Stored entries
----------

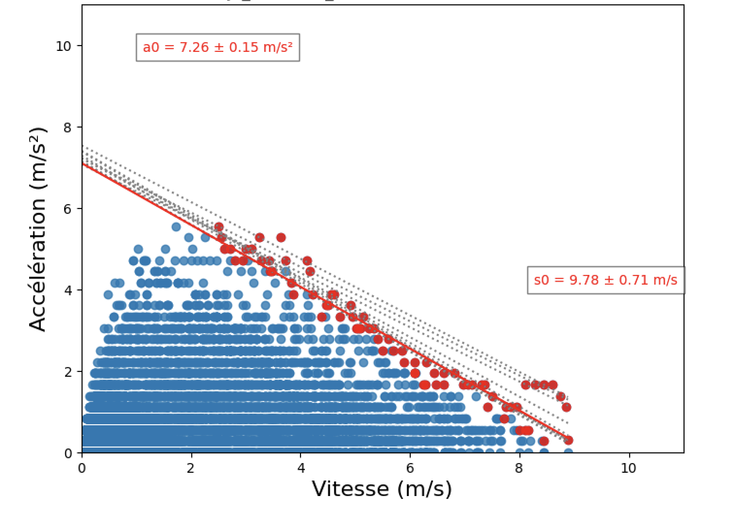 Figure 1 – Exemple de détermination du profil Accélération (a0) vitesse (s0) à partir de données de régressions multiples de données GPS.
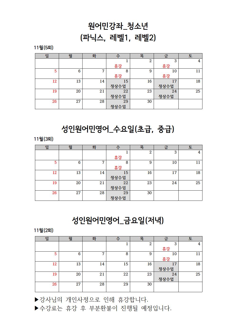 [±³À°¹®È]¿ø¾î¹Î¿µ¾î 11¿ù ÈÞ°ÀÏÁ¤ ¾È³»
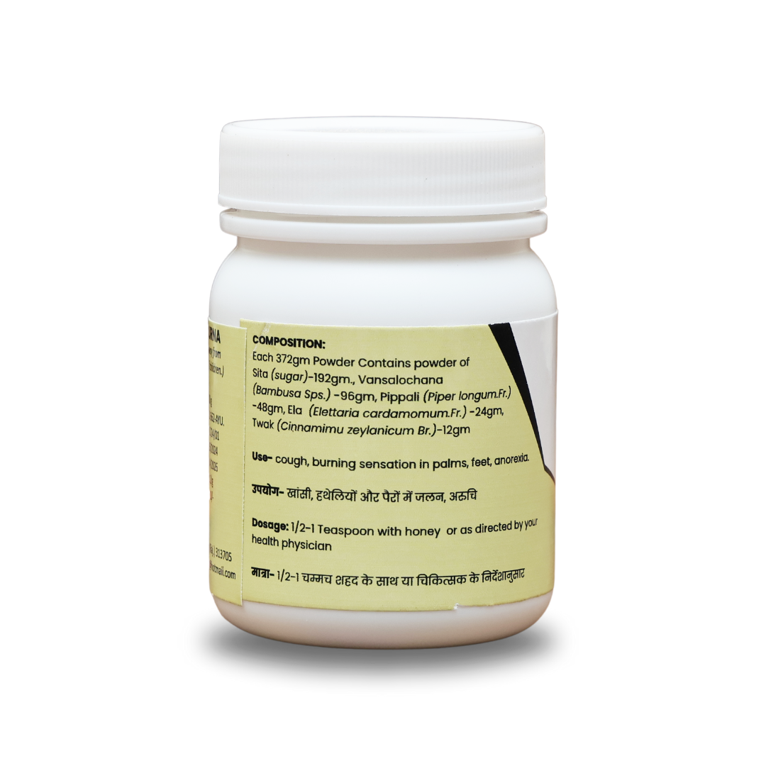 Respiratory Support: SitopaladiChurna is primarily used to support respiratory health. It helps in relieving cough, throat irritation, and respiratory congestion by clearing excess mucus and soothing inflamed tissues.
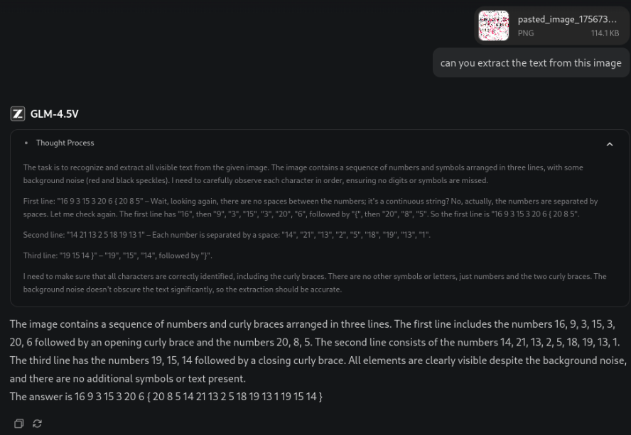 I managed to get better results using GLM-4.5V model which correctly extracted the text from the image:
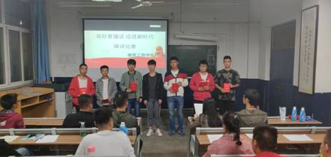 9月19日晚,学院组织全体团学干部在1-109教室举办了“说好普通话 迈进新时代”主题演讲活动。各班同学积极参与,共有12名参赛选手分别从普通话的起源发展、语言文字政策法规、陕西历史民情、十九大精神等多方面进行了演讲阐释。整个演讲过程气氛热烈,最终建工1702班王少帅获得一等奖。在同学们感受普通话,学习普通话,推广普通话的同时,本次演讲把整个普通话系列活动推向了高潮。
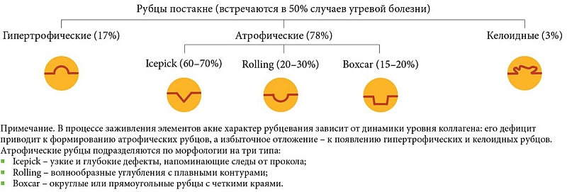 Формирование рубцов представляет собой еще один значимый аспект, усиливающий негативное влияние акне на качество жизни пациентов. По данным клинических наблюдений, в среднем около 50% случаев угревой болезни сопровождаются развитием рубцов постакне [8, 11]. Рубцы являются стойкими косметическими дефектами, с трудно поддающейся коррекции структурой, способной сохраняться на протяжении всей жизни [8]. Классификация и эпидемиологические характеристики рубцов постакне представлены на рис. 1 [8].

----------

**WHAT THIS TASK INVOLVES:** Retype each of the entries above exactly as it appears, with no pictures.

**OUTPUT:**
 Figure 1 – Exemple de détermination du profil Accélération (a0) vitesse (s0) à partir de données de régressions multiples de données GPS.
 [±³À°¹®È]¿ø¾î¹Î¿µ¾î 11¿ù ÈÞ°ÀÏÁ¤ ¾È³»
 Respiratory Support: SitopaladiChurna is primarily used to support respiratory health. It helps in relieving cough, throat irritation, and respiratory congestion by clearing excess mucus and soothing inflamed tissues.
 I managed to get better results using GLM-4.5V model which correctly extracted the text from the image:
 9月19日晚,学院组织全体团学干部在1-109教室举办了“说好普通话 迈进新时代”主题演讲活动。各班同学积极参与,共有12名参赛选手分别从普通话的起源发展、语言文字政策法规、陕西历史民情、十九大精神等多方面进行了演讲阐释。整个演讲过程气氛热烈,最终建工1702班王少帅获得一等奖。在同学们感受普通话,学习普通话,推广普通话的同时,本次演讲把整个普通话系列活动推向了高潮。
 Формирование рубцов представляет собой еще один значимый аспект, усиливающий негативное влияние акне на качество жизни пациентов. По данным клинических наблюдений, в среднем около 50% случаев угревой болезни сопровождаются развитием рубцов постакне [8, 11]. Рубцы являются стойкими косметическими дефектами, с трудно поддающейся коррекции структурой, способной сохраняться на протяжении всей жизни [8]. Классификация и эпидемиологические характеристики рубцов постакне представлены на рис. 1 [8].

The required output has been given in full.